First Look! New Ellsworth Freeride Mountain Bike

2012 ellsworth freeride mountain bike prototype

We just caught wind that Ellsworth was cookin’ up something new in their Vancouver lab, squarely aimed at the freeride crowd. Now we’ve got a visual and some official-ness:

The Ellsworth Engineering Crew spent the winter designing an all new freeride chassis —a ground-up freeride bike handcrafted in Vancouver, WA. Featuring Ellsworth’s state-of-the-art, aerospace certified, seamless drawn SST.2 aluminum tubing, roughly 14”of bottom bracket height, and a 30.9mm seat tube.
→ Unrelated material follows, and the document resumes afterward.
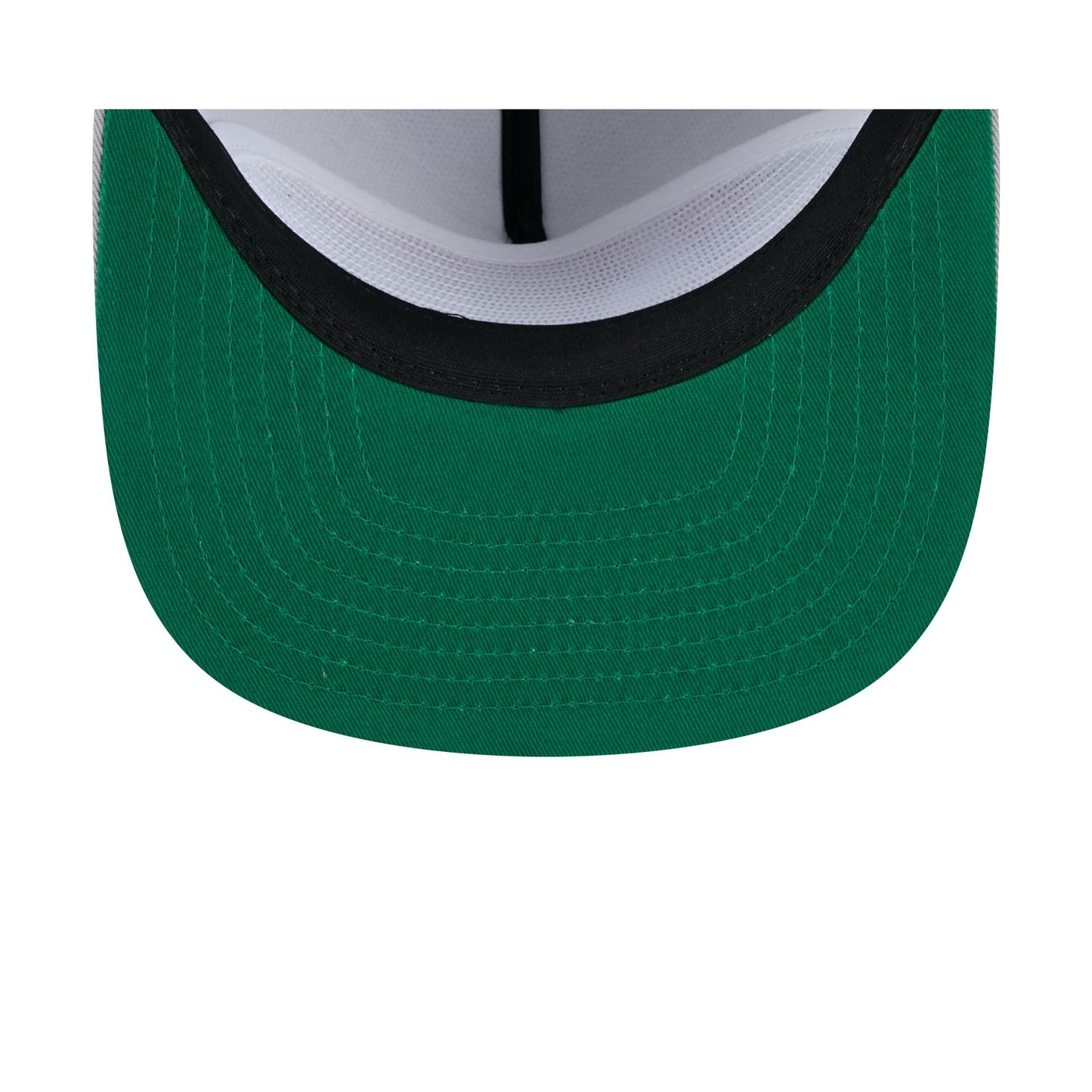The Cleveland Guardians Vintage Gray Golfer features an embroidered "PROPERTY OF" Guardians wordmark at the front panels with a team logo at the right-wear side and a rope at the visor. Additional details include a snapback closure at the rear and a green undervisor.

The bike, still undergoing testing, boasts 180mm of travel and features Ellsworth’s renowned ICT suspension mated to a custom tuned Fox DHX RC4. In addition to the low leverage ratio, it will also feature a proprietary tapered head tube outfitted with an OE Cane Creek AngleSet for greater adjustability. Visit Ellsworth at Sea Otter to check out the new prototypes.

We’re very, very happy to see the larger diameter seat tube! More pics after the break…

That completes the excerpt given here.